The first, the null model, is relatively obvious - everyone has been pretty clear from the start that the null model doesn't really work well. This model, pretty much consistent across ChIP-Seq platforms can be paraphrased as "if my reads were all noise, what would the data look like?" This assumption is destined to fail every time - the reads we obtain aren't all noise, and thus assuming they are as a control is really a "bad thing"(tm).

The second, the even distribution model, is equally disastrous. This can be paraphrased as "if all of my noise were evenly distributed across some portion of the chromosome, what would the data look like?" Alas, noise doen't distribute evenly for these experiments, so it should be fairly obvious why this is also a "bad thing"(tm).

The solution presented in the paper is fairly obvious; create a full simulation for your ChIP-Seq data. Their version requires a much more rigorous process, however. They simulate a genome-space, remove areas that would be gaps or repeats in the real chromosome, then begin tweaking the genome simulation to replicate their experiment using weighted statistics collected in the ChIP-Seq experiment.

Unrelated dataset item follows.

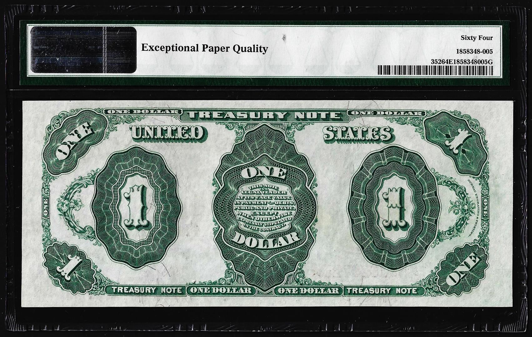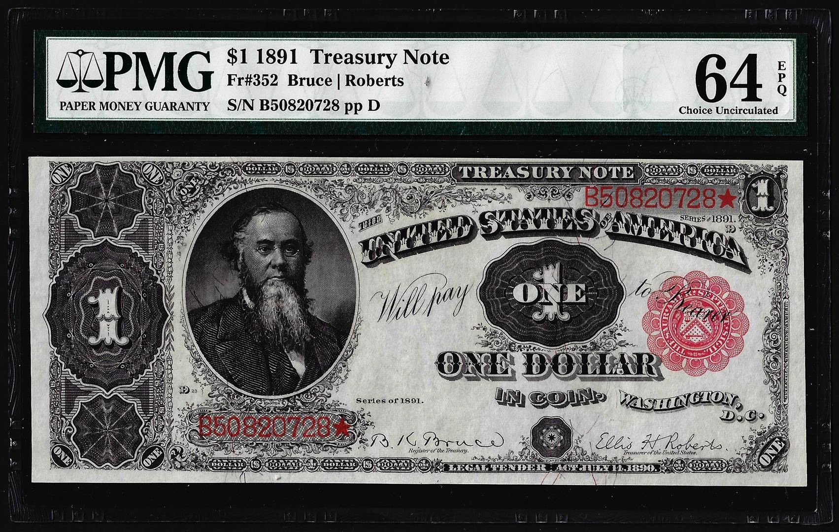 One 1891 $1 Treasury Note Fr. 352 PMG Choice Uncirculated 64EPQ. PMG Certified.

On the one hand, I really like this method, as it should give a good version of a control, whereas on the other hand, I don't like that you need to know a lot about the genome of interest before you can analyze your ChIP-Seq data. (ie, mappability, repeat-masking, etc.) Of course, if you're going to simulate your genome, simulate it well - I agree with that.

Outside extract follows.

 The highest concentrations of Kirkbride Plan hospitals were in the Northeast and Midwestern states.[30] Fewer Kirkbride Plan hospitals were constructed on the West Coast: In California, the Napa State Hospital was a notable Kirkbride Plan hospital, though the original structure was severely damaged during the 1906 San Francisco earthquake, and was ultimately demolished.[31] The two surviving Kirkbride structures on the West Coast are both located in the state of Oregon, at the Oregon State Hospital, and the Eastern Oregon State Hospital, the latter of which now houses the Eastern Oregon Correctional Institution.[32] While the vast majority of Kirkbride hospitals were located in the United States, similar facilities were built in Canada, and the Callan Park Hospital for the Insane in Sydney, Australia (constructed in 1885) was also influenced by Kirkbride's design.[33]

I don't want to belabor the point, but this paper provides a very nice method for simulating ChIP-Seq noise in the absence of a control, as in Robertson et al. However, I think there are two things that have changed since this paper was submitted (January 2008) that should be mentioned:

1. FDR calculations haven't stood still. Even at the GSC, we've been working on two separate FDR models that no longer use the null model, however, both still make even distribution assumptions, which, is also not ideal.

2. I believe everyone has now acknowledged that there are several biases that can't be accounted for in any simulation technique, and that controls are the way forward. (They're used very successfully in QuEST, which I discussed yesterday.)

Anyhow, to summarize this paper: Zhang et al. provide a fantastic critique of the thresholding and FDR used in early ChIP-Seq papers (which is still in use today, in one form or another), and demonstrate a viable and clearly superior method for refining Chip-Seq results with out a matched control. This paper should be read by anyone working on FDRs for next-gen sequencing and ChIP-Seq software.






(Post-script: In preparation for my comprehensive exam, I'm trying to prepare critical evaluations of papers in the area of my research. I'll provide comments, analysis and references (where appropriate), and try to make the posts somewhat interesting. However, these posts are simply comments and - coming from a graduate student - shouldn't be taken too seriously. If you disagree with my points, please feel free to comment on the article and start a discussion. Nothing I say should be taken as personal or professional criticism - I'm simply trying to evaluate the science in the context of the field as it stands today.)